In [1]:
import pandas as pd
from IPython.display import display

# Load the datasets
ground_truth = pd.read_csv(r"data\dat_dialite\Categorical - Review\groundreview.csv")
alite_output = pd.read_csv(r"data\dat_dialite\Categorical - Review\ir_alite_Categorical - Reviews.csv")

# Step 1: Standardise column names
ground_truth.columns = ground_truth.columns.str.strip().str.lower()
alite_output.columns = alite_output.columns.str.strip().str.lower()
print(ground_truth.columns)
print(alite_output.columns)

# Step 2: Identify common columns
common_cols = sorted(set(ground_truth.columns) & set(alite_output.columns))
print("Common columns:", common_cols)

# Step 3: Clean and flatten each row into a tuple of values
def clean_and_flatten(df):
    return [
        tuple(
            str(x).strip().lower() if pd.notna(x) else "missing"
            for x in row
        )
        for row in df[common_cols].values.tolist()
    ]

gt_rows = set(clean_and_flatten(ground_truth))
ao_rows = set(clean_and_flatten(alite_output))
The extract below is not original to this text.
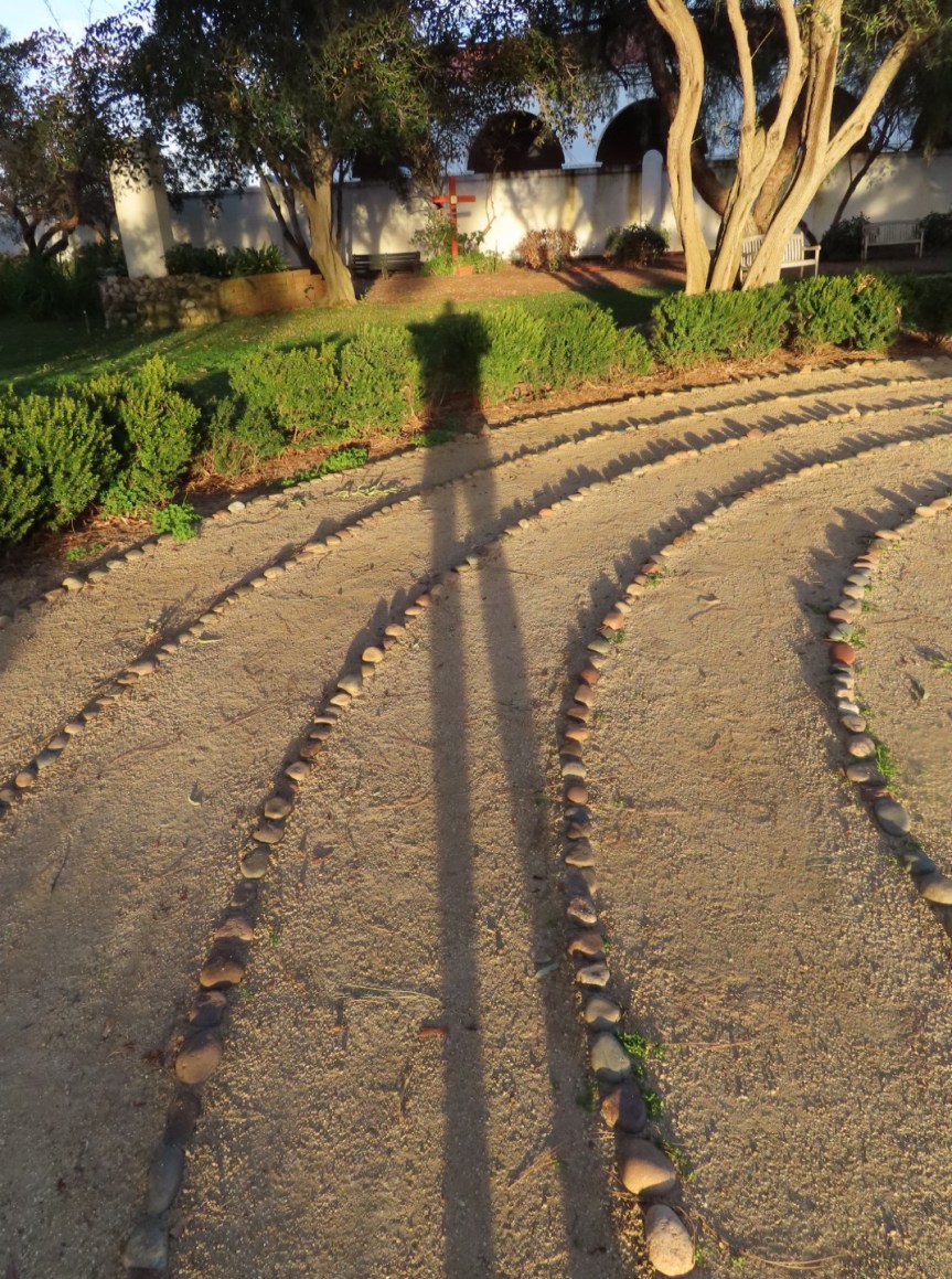 A walking meditation, a silent lunch and a meditation on a poem written by Rudyard Kipling, “If”. An interesting day of unique insights then a little quiet time in the afternoon. I wandered over to the mission itself. A military wedding was going on inside, so we weren’t able to sit in the church for silent contemplation as we usually do. Lots of tourists and people wandering the lush mission grounds for a Saturday outing. I walked through the cemetery, said a prayer at a family friend’s memorial then returned to the garden areas behind the retreat center and walked their little labyrinth.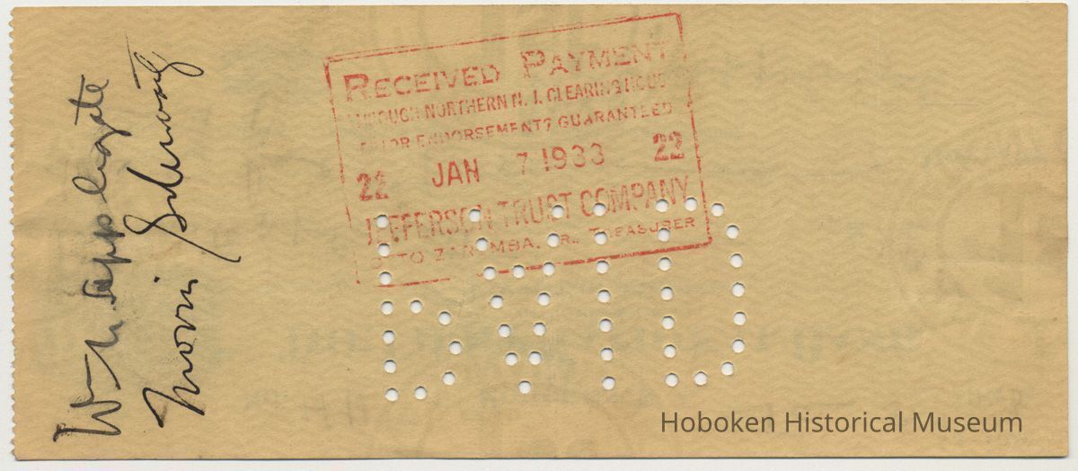 Bank check: First National Bank of Hoboken, N.J. Draft by W. N. Applegate, Jan 5, 1933, to himself (cash draft.) 2-3/4" high x 6-3/8" wide.

# Step 4: Compare the sets of rows
tp = gt_rows & ao_rows  # True Positives
fp = ao_rows - gt_rows  # False Positives
fn = gt_rows - ao_rows  # False Negatives

print("True Positives:", len(tp))
print("False Positives:", len(fp))
print("False Negatives:", len(fn))

# Step 5: Compute metrics
precision = len(tp) / (len(tp) + len(fp)) if (len(tp) + len(fp)) > 0 else 0
recall = len(tp) / (len(tp) + len(fn)) if (len(tp) + len(fn)) > 0 else 0
f1 = 2 * (precision * recall) / (precision + recall) if (precision + recall) > 0 else 0

print("\nPrecision: {:.2%}".format(precision))
print("Recall:    {:.2%}".format(recall))
print("F1 Score:  {:.2%}".format(f1))

# Step 6: Display mismatches safely
fp_rows = [list(row) for row in fp if len(row) == len(common_cols)]
fn_rows = [list(row) for row in fn if len(row) == len(common_cols)]

fp_df = pd.DataFrame(fp_rows, columns=common_cols)
fn_df = pd.DataFrame(fn_rows, columns=common_cols)

print("\nRows in ALITE but not in Ground Truth (False Positives):")


print("\nRows in Ground Truth but missing from ALITE (False Negatives):")


# Step 7: Save metrics
metrics = pd.DataFrame({
    'Metric': ['Precision', 'Recall', 'F1 Score'],
    'Value': [precision, recall, f1]
})
metrics.to_csv("analysis/set_row_match_metrics.csv", index=False)

Index(['review', 'sentiment', 'title'], dtype='object')
Index(['title', 'review', 'ï»¿review', 'sentiment'], dtype='object')
Common columns: ['review', 'sentiment', 'title']
True Positives: 150
False Positives: 3
False Negatives: 250

Precision: 98.04%
Recall:    37.50%
F1 Score:  54.25%

Rows in ALITE but not in Ground Truth (False Positives):

Rows in Ground Truth but missing from ALITE (False Negatives):


In [19]:
import pandas as pd

# Read your tables
import matplotlib.pyplot as plt

tableA = pd.read_csv(r"data\dat_dialite\NumericalX2 - Weather\pressure.csv")
tableB = pd.read_csv(r"data\dat_dialite\NumericalX2 - Weather\temperature.csv")
integrated_table = pd.read_csv(r"data\dat_dialite\NumericalX2 - Weather\temp_pressure.csv")
ground_truth_table = pd.read_csv(r"data\dat_dialite\NumericalX2 - Weather\ground_temp_pressure.csv")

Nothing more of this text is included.